Jérôme Jamin «L’extrême droite influence les partis traditionnels»

Le professeur belge Jérôme Jamin explique comment les mouvements populistes profitent de la crise des réfugiés et la présence de l’Islam en Europe pour gagner du terrain sans pour autant proposer des solutions valables
Dimanche dernier, l’Alternative für Deutschland (AfD), populiste et d’extrême droite, a fait une percée dans des élections régionales. Début mars, c’était Notre Slovaquie du néofasciste Marian Koleba qui est entré au parlement de Bratislava.
En Finlande, Les Vrais Finnois sont entrés au gouvernement l’année dernière.

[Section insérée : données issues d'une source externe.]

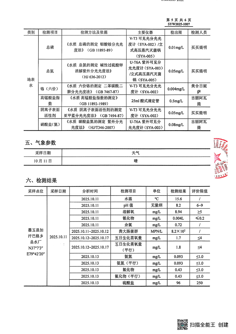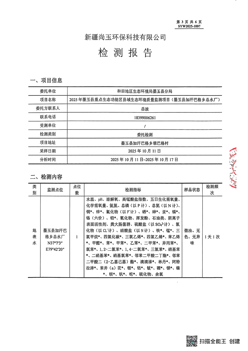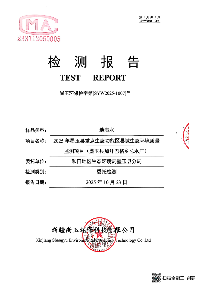 2025年墨玉县重点生态功能区县域生态环境质量监测项目(墨玉县加汗巴格乡总水厂)
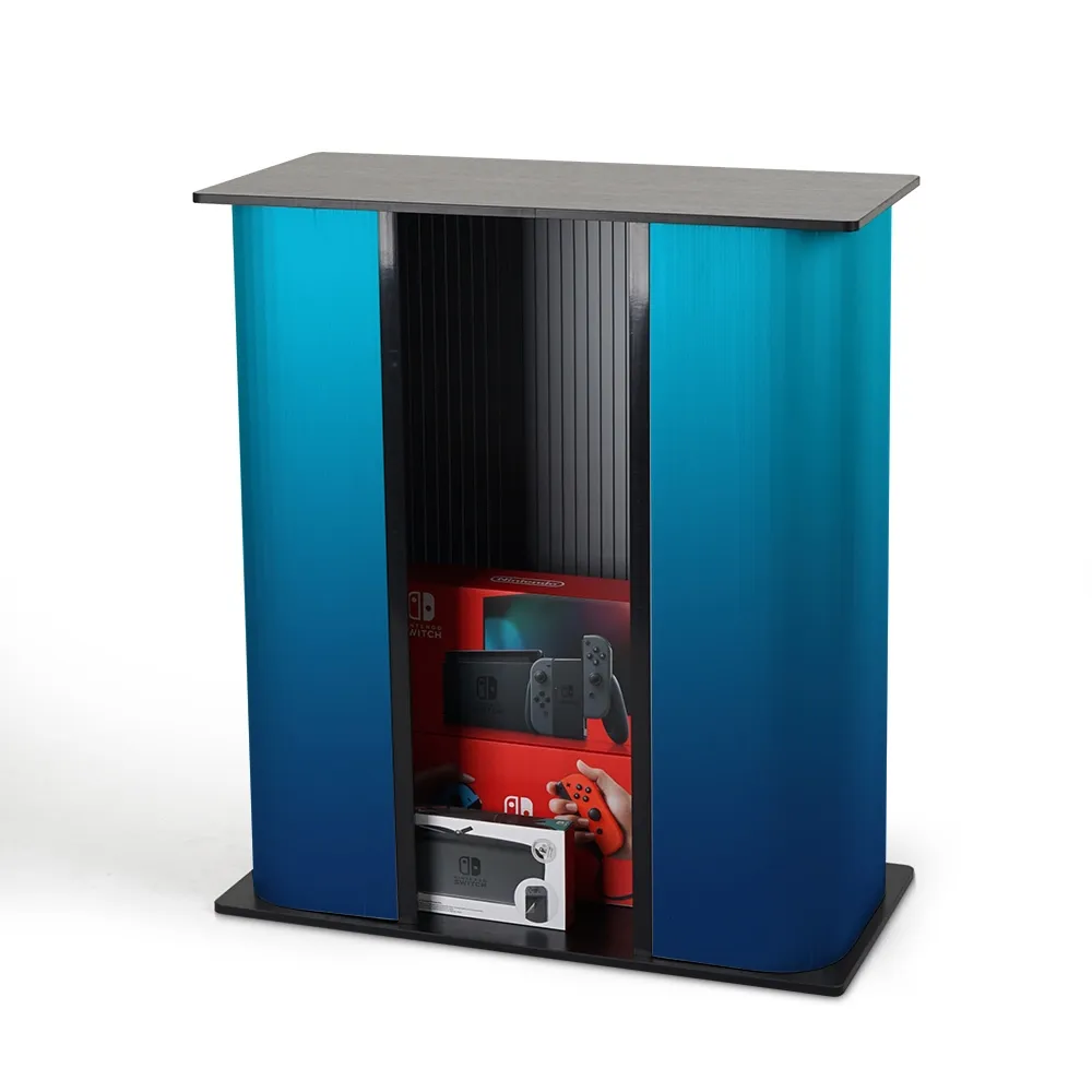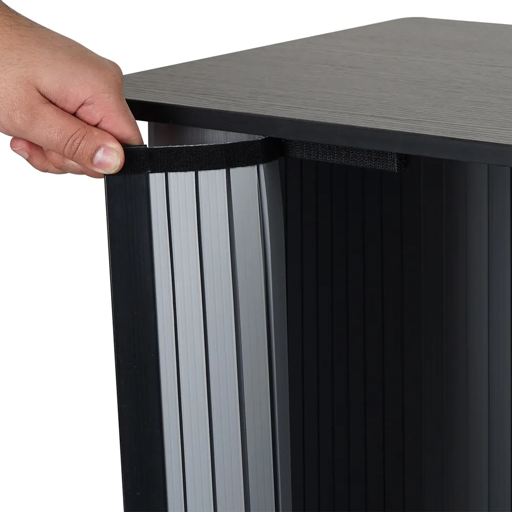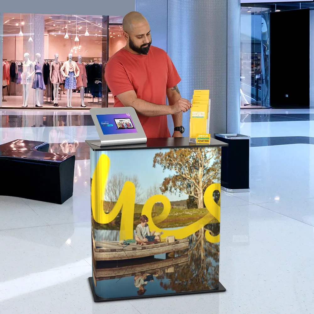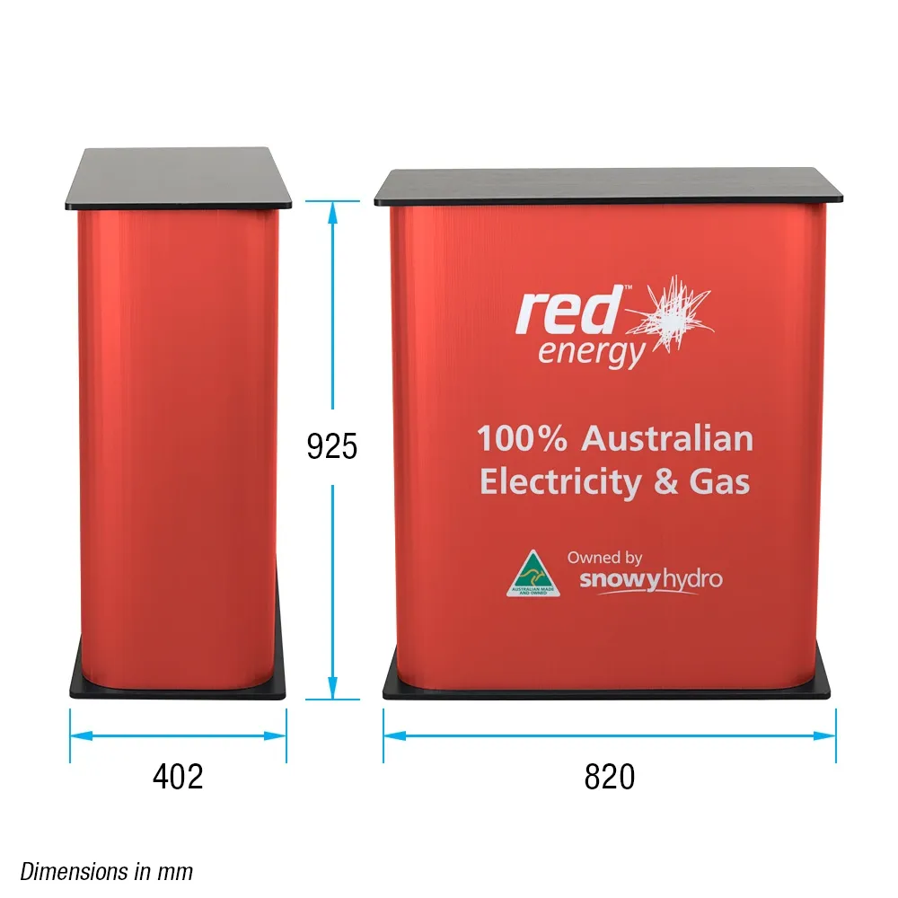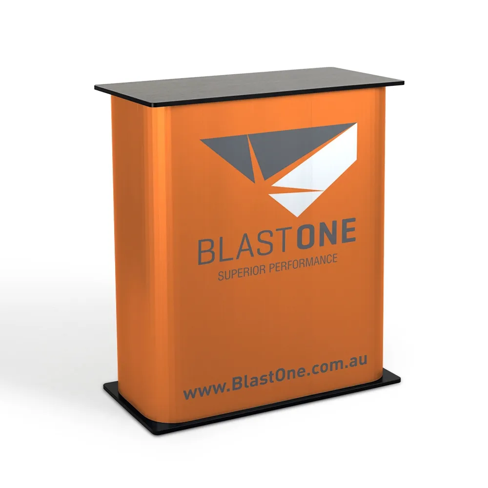 The countertop and base are made from black laminated MDF for a neutral look that works with any style of graphic design on the wrap. The 8.5kg display is easy to carry into position and then set-up whether used at exhibitions, expos, transportation hubs, shopping centres, outdoor events, or retail stores. Slimline Warehouse has quick shipping available to anywhere in Australia with this and most other in stock products, buy online today!

Les partis d’extrême droite gagnent en effet inexorablement du terrain. Jérôme Jamin, professeur de Science politique à l’Université de Liège, et auteur de L’Extrême droite en Europe (Bruxelles, Bruylant, 2016), décortique le phénomène.
Le Temps: L’extrême droite devient de plus en plus fréquentable en Europe, non?
Jérôme Jamin: On définit un parti d’extrême droite à partir d’au moins trois critères. Premièrement: la croyance fondamentale dans l’inégalité entre les peuples, les cultures, les races et les civilisations et le sentiment que ces inégalités sont une bonne chose, parce qu’elles sont naturelles, et qu’à ce titre, elles ne doivent en aucun cas être altérées. Deuxièmement: le nationalisme est brandi comme un outil pour protéger un peuple supérieur contre des ennemis intérieurs et extérieurs. Enfin, pour atteindre ses objectifs, un parti d’extrême droite tolère l’usage de méthodes radicales pour arriver à ses fins jugées justes, incontestables et indispensables.
– Quelles sont les formations qui incarnent ces critères?
– Jobbik en Hongrie, Aube dorée en Grèce, le British National Party au Royaume-Uni et la Ligue du Nord en Italie rencontrent sans ambiguïté ces critères. La situation est plus complexe avec le Front national français ou le Parti de la liberté autrichien qui ont opéré des changements au niveau du discours. Il en va de même pour des partis qui peuvent avoir une rhétorique très agressive contre l’immigration et l’islam sans avoir historiquement des liens avec le fascisme des années 1930, comme l’Union démocratique du centre en Suisse ou le Parti de la liberté de Geert Wilders aux Pays-Bas.
– L’extrême droite n’influence-t-elle pas aussi les partis traditionnels?
– C’est réciproque. Depuis déjà pas mal d’années, les partis traditionnels s’emparent de thèmes qui étaient dans les années 1980 exclusivement du ressort de l’extrême droite: immigration, mythe de l’invasion de l’Europe, insécurité et chômage. Je pense surtout au lien en termes de causalité. Plus récemment, les partis traditionnels se sont également emparés de la question de l’islam. Je ne veux pas dire qu’il ne faut pas parler de ces sujets. Je souligne simplement qu’ils sont devenus banals dans le débat public et ils ne suscitent plus l’indignation.